The only happy ending for a love story is an accident (excerpt)

by Manuel Iniesta http://www.manueliniesta.com.ar/

by Manuel Iniesta http://www.manueliniesta.com.ar/

J.P. Cuenca 
translated by Elizabeth Lowe

Introduction by the Spanish translator Martín Caamaño
translated by Melissa Kitson

“Through languages we learn something about ourselves, about our baseless anxiety, melancholic and vain,” wrote Brazilian writer Rubem Braga. I learnt Portuguese by ear. In the house of my father, who went to live in Rio de Janeiro in 1987. There, I absorbed the language of the locals – his wife, his friends, the house help – but more than anything, I soaked up his sparse Portuguese. A Portuguese stripped of its intrinsic musicality, lacking theatricality and sweetness. A Portuguese without sotaque. We know when we truly inhabit a language we no longer need to translate it mentally, assuming it naturally and subconsciously instead, without feeling obliged to compare it all the time to our native tongue. When I was reading O único final felz para uma história de amor é um acidente the opposite happened to me. Halfway through I couldn’t stop myself from translating it in my head, though still without suspecting I was going to become its translator. Perhaps it was because of the book’s neutral tone, emotion-less, like when you send a text to a line phone and the words are reproduced by the answering machine.
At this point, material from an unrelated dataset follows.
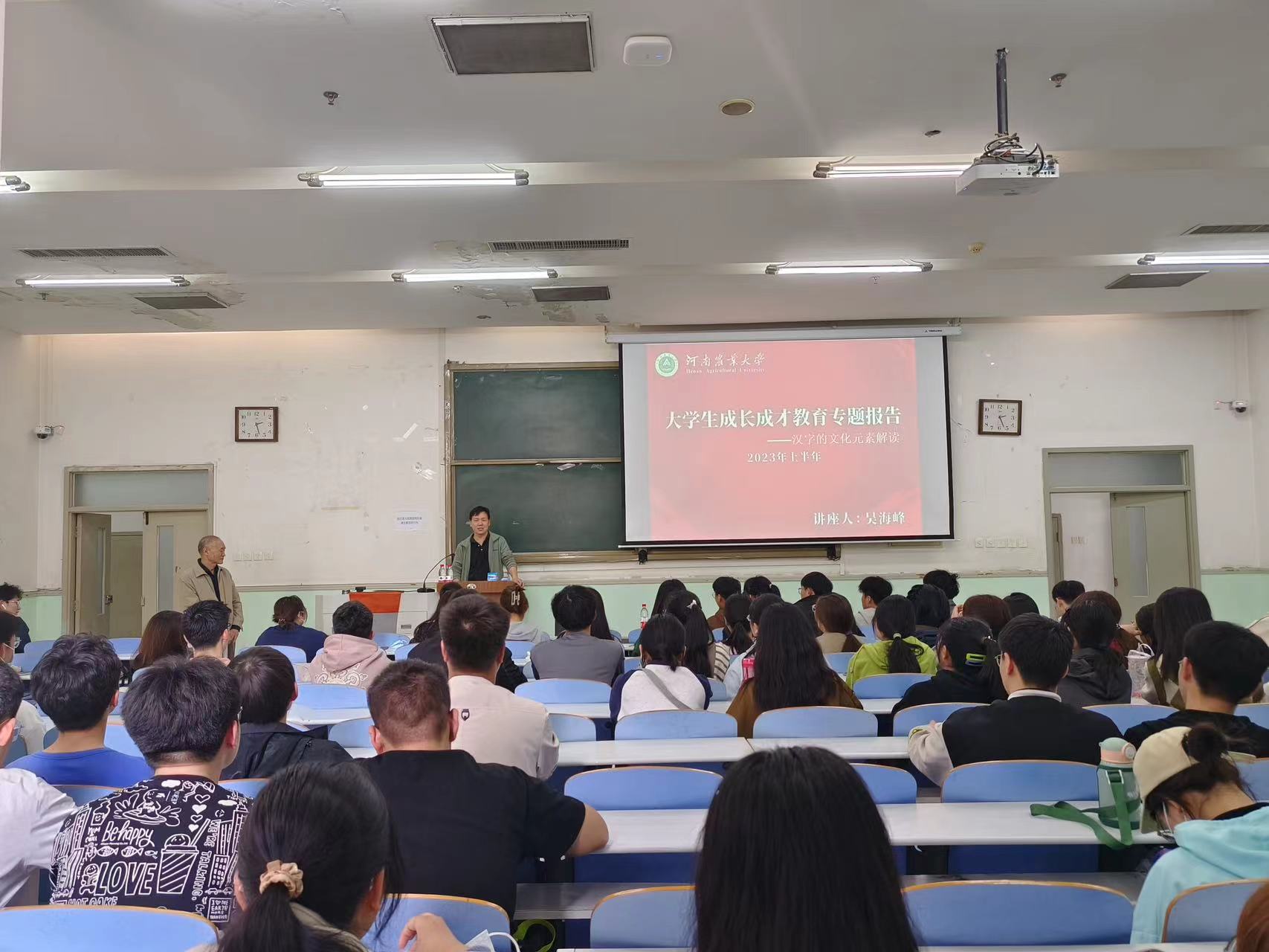 吴海峰从河南对汉字的贡献、错字里的文化和偏旁部首里的文化三个方面讲述了汉字的发展历史及其对文化传承的重要作用,以生动有趣的方式向同学们展示了汉字的逐步发展,介绍了四种造字方法会意、象形、指事和形声。互动环节,同学们积极提问,吴海峰老师热情解答,帮助大学生深入了解汉字的文化魅力,助力成长成才。
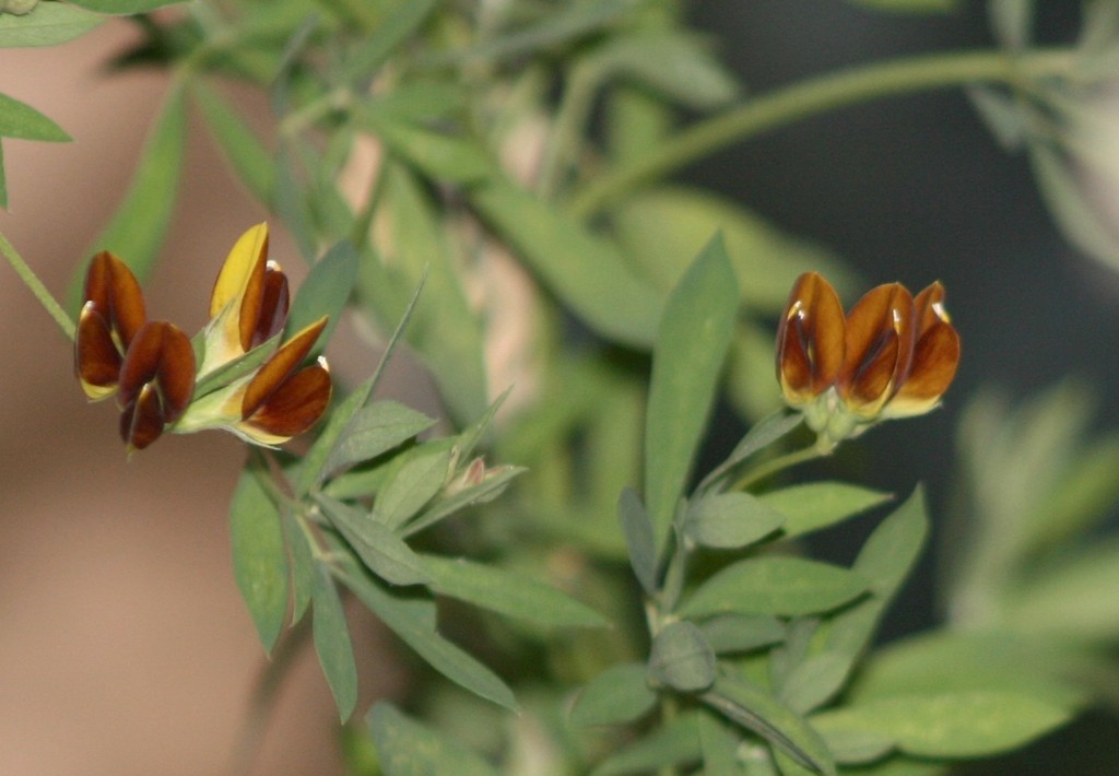 外は霧氷の世界なのに、サンルームの中は別世界。今は先日のニオイスミレのほかに、このマメ科のロータス ブラックムーニーが可愛い花を咲かせています。

That was the sound of Cuenca’s prose: machine-like, without sotaque. The obvious lack of ‘Brazilianess’ in the story, so rooted in Japan, extended to Cuenca’s Portuguese. His language is stripped down, slipping from its own grasp, turning sparse and strange. This was what I set out to capture, feeling more than once that – as Braga notes – “it’s language itself that’s wrong, we’re right.”

 

 

1

Before Mr. Atsuo Okuda opened the box, everything was dark.
 In fact, there was nothing to be illuminated before Mr. Okuda opened the box. If Mr. Okuda had never opened the box, nothing would exist. The world began only at the instant that Mr. Okuda opened the box and said the word. He said: Yoshiko.
 And Yoshiko became my name.
 After Mr. Okuda said Yoshiko, I gained, in addition to a name, many beginnings and an ending. I begin at the tips of my fingers, in the strands of my hair, on the soles of my feet, the nipples of my breasts, the skin that covers the emptiness in my body and the entire surface that makes me who I am. I could not be anything else because I have this body, and I only have this body, I am this body.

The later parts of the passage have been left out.